Love Chastity. Blaze.
Tended by Jesus, chastity is fire in the fireplace: a controlled burn that heats up a cold house, eases up for tenderness, stays true to its function, and incinerates garbage.
Unchaste clutter surrounds us and deadens us. Nudity is the current fashion trend for women, while the moral atrocities some men do against women astound and sicken, e.g., Trump fav Matt Gaetz and Dominique Pelicot, who invited his band of brothers to rape his wife repeatedly.
The fallout from the mess includes the weaponizing of persons who want nothing to do with such ‘binary’ bondage. But flight from one’s sex into queer culture is a flight from God, another dungeon we pad with platitudes about how kindly inclusive we are.
We live in unchastity, amplified on endless screens; we tune out the everyday drone of shaming and blaming persons who wound self and others through sexual sin.
Our cure? Love chastity. Of all the gifts I’ve received, an accurate understanding and aspiration toward chastity reigns supreme. Chastity is HOPE for a sexually broken world.
Amid a people living in deep darkness, a Light has dawned (Is. 60:1-2). The diamond of chastity reflects His glory, an invitation to mature into a grounded and exuberant human being. Love chastity with me! Only what we love will change us. Beautifully.
Let’s explore more. Chastity means the ordering of our courts—our personal temples—so that we can direct our powers of life and love to dignifying persons and, if God wills, creating new ones. Chastity endows us with the authority to transform what is alien to human thriving into an attuned gift of self.
What chastity isn’t: mere ‘wholeness’ or abstinence. One can be very proud of virginity at the cost of exuberant connectedness. Vanilla sterility is not chastity! Nor are fluctuating, flimsy versions of ‘wholeness.’ Chastity cannot be reduced to the banally therapeutic. It seems everyone is queer, addicted, and abused. We have lost the reality of ‘this is a real affliction that needs a cure.’ We need spiritual awakening.

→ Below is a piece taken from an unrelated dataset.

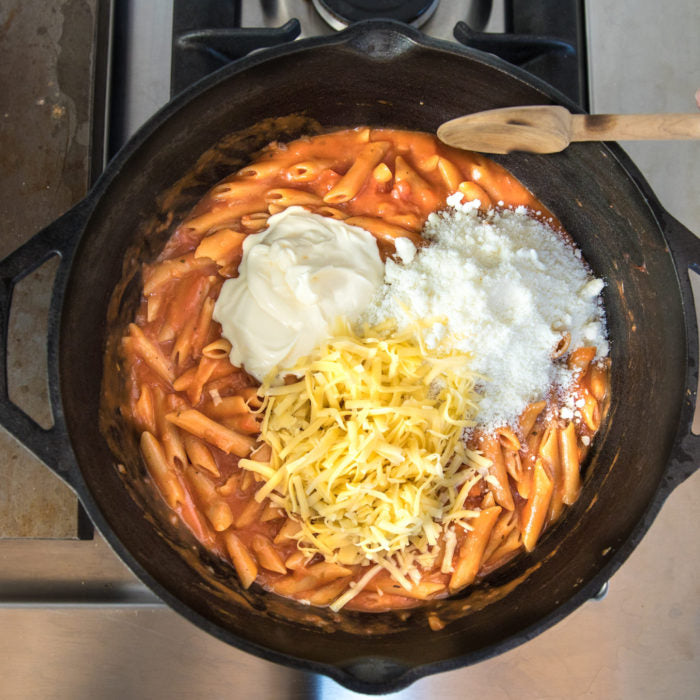 - Turn off the heat and gently stir in the cheeses until the sauce becomes creamy.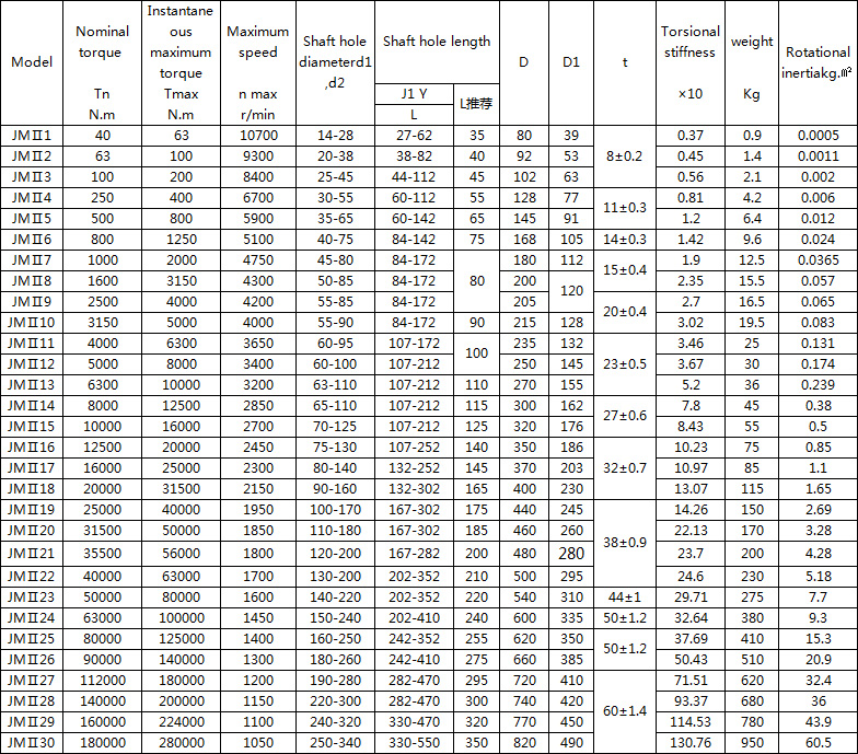 Characteristics and application of JMII diaphragm coupling: Compared with flexible coupling of metal elastic component, it has high mechanical strength, large bearing capacity, light weight, small size, high transmission efficiency and high transmission accuracy, and good reliability. Easy to assemble and disassemble. Suitable for medium, high speed and large torque shaft drive. Compared with the drum-shaped gear coupling, it has no relative sliding, no lubrication, long service life, no noise, simple structure and so on. It can partially replace the drum-shaped toothed auxiliary device. Not affected by temperature and oil. It has the characteristics of acid resistance, alkali resistance and corrosion resistance. It can be used in high temperature, low temperature and working conditions with oil, water and corrosive media. It is suitable for shafting transmission with little change in load of various mechanical devices. It is extremely versatile and has been widely used in industrialized countries. It is a high-performance flexible coupling 重點 which is mainly promoted and applied in China. High-precision diaphragm coupling can be used for High speed conditions. Compared with the toothed coupling, the diaphragm coupling has no relative sliding, no lubrication, no sealing, no noise, no maintenance, and is convenient to manufacture. It can partially replace the gear coupling. The diaphragm coupling has been widely used in industrialized countries in the world. In practical applications, the intermediate shaft type is generally adopted to improve the offset compensation performance of the two axes. JMI type - basic type with countersink; JMIJ type--with countersunk and intermediate shaft type; JMII type - no counterbore basic type; JMIIJ type - no countersinking intermediate shaft type; ![]() ![]() |

Chastity begins and ends with Jesus. He is the image of God in humanity, and He alone has the power to summon His very imprint from our depths—your depth as a woman, mine as a man. He made us, and He has unique authority to remake us where we are corrupt, broken, and temporarily blind. He opens our eyes, little by little.

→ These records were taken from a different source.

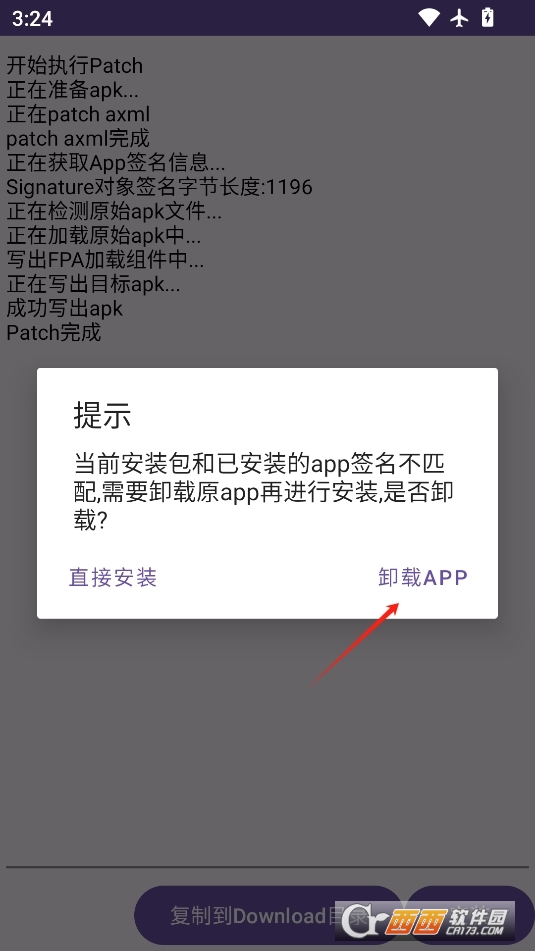 如果出现弹窗提示,点击卸载原应用文件后再安装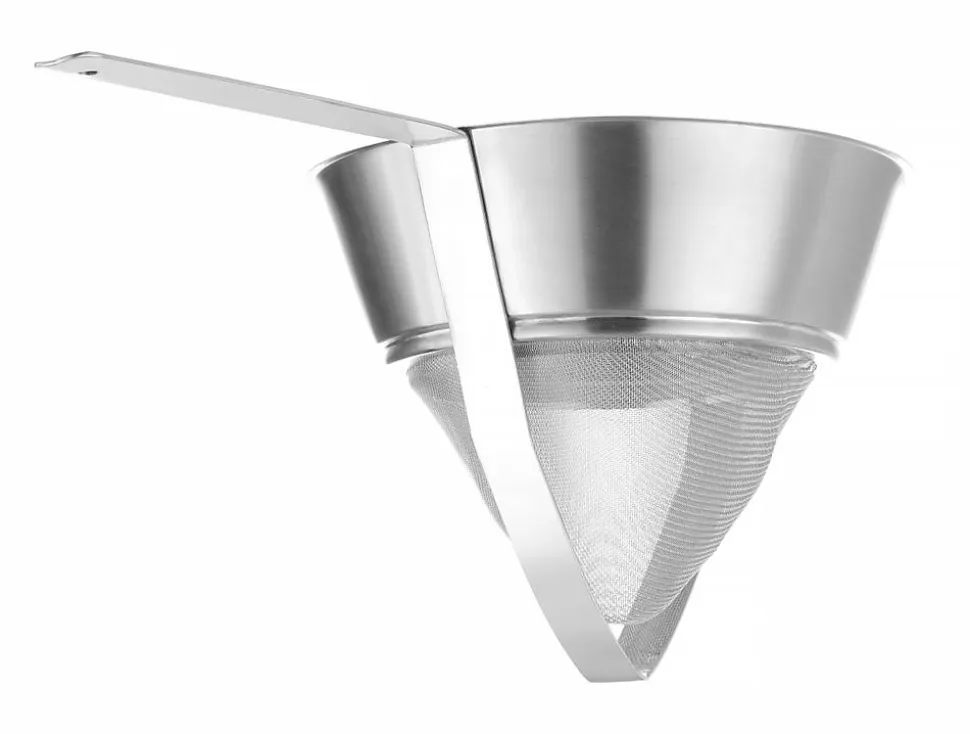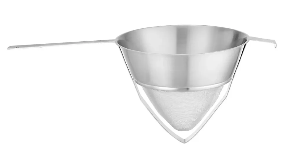 Le chinois conique à maille renforcée HENDI garantit l’absence de grumeaux dans les liquides et filtre parfaitement les produits finement moulus. Sa forme permet une utilisation propre et facile dans n’importe quel bol ou casserole. Entièrement en acier inoxydable satiné AISI 201.Maille très fine, renforcée.Poignée plate avec trou, renforcée.Muni d’une poignée de support supplémentaire.Bord évasé.Convient au lave-vaisselle. Le chinois conique à maille renforcée HENDI garantit l’absence de grumeaux dans les liquides et filtre parfaitement les produits finement moulus. Sa forme permet une utilisation propre et facile dans n’importe quel bol ou casserole. Renforcement assurant une longue durée de vie et une résistance à l’usure Forme conique – « entonnoir » permettant de s’adapter aux ustensiles de cuisine étroits et hauts. Garantie d’une texture veloutée idéale pour les plats liquides Filtrage précis de farine, de sucre en poudre et d’autres produits finement moulus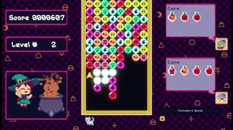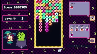 502's Arcade includes four games with unique gameplay mechanics. Ghost Hunter Hana involves sealing bosses and bad spirits through melee and ranged combat. Potions Panic is a game where you match at least four similarly colored orbs to concoct potions for customers, fusing skill and luck.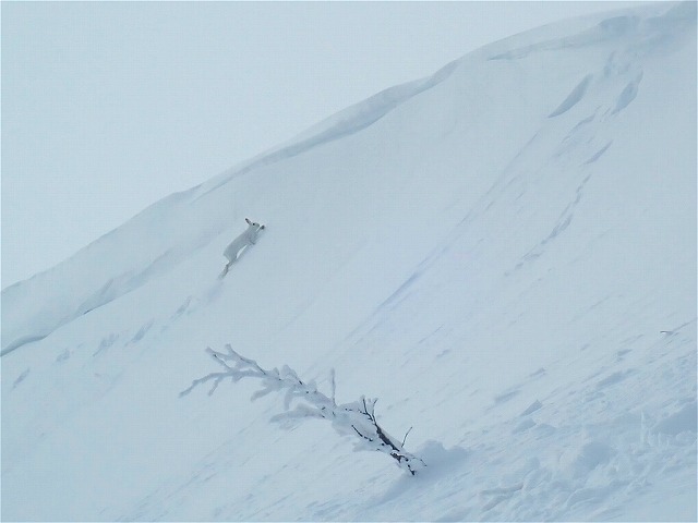 山頂付近では、テンに追われるノウサギの姿も。こうした野生動物との出会いも、バックカントリーの魅力です。

We who seek His order for our passions keep our eyes fixed on Him. Why? He possesses power that He shares with us. He knows where we are going. He assures us that we will get there. Together.
And chastity unifies us with all persons. Jesus calls everyone to be chaste. He surpasses how we divide persons: categorical, often fatalistic thinking. While acknowledging the differing wounds and disorders of His children, He refuses our deterministic approach to defining and evaluating others. ‘What determines a life is not the mold from which it issues but the goal toward which it moves’ (Eric Varden).
No sinner of any stripe should be excluded; no prognosis should be deemed too grim. ‘Nothing is beyond God’s ordering power’ (Varden).
Jesus authors and finishes whatever growth we make in chastity. He helps us to realize the complex fulfillment of the nature He placed in us.
For this, we must assume responsibility. We can aspire to more than our little kingdoms. Chastity envisions us: I am created to blaze with love for God and the beauty of His creation. Yet I am derailed by fear and lust and defensiveness. An ordered life requires admitting disorder––and doing so before our fellows. How broken are we about the ways we have betrayed God’s own?
‘The way to order is through disorder...How can I be healed if I am determined to give the impression that I am not sick?... Am I prepared to own and name what is in my heart? From that point of departure, will I let God’s call order and reform me?’ (Varden).
God gives grace to activate responsibility by placing us in family—a good enough community to surround and support us while respecting differences. We discover at once how little we trust and how proud we are of our self-reliant thoughts and efforts. Neither has saved us; we discover how much we need love from those more chaste than us.
Slowly but authentically, we discover the restoration of desire. Our desires are not as ugly and disordered as we thought. We are capable of seeing and loving people as they are; we catch glimpses of our original dignity, man or woman. We play that dignity forward in how we care for others in a tender, honest way.
Jesus cleanses and guides our sexual ‘waters’ for a reason. We flow out to bless others.
And we blaze. Not quickly and not always. But chastity is holy fire, our most potent desire to unite with Love guiding our care for others. At times, I catch a glimpse of myself as a clean, ordered ‘fireplace.’ Like you, I am still subject to as much beauty as unchaste clutter. But training in chastity has made me good at allowing Jesus to burn up the dross and refuel chaste love for many.
Love chastity. Blaze. It is our gift to a disordered world longing for more.‘ Nations will come to your light, and kings to the brightness of your dawn’ (Is. 60:3).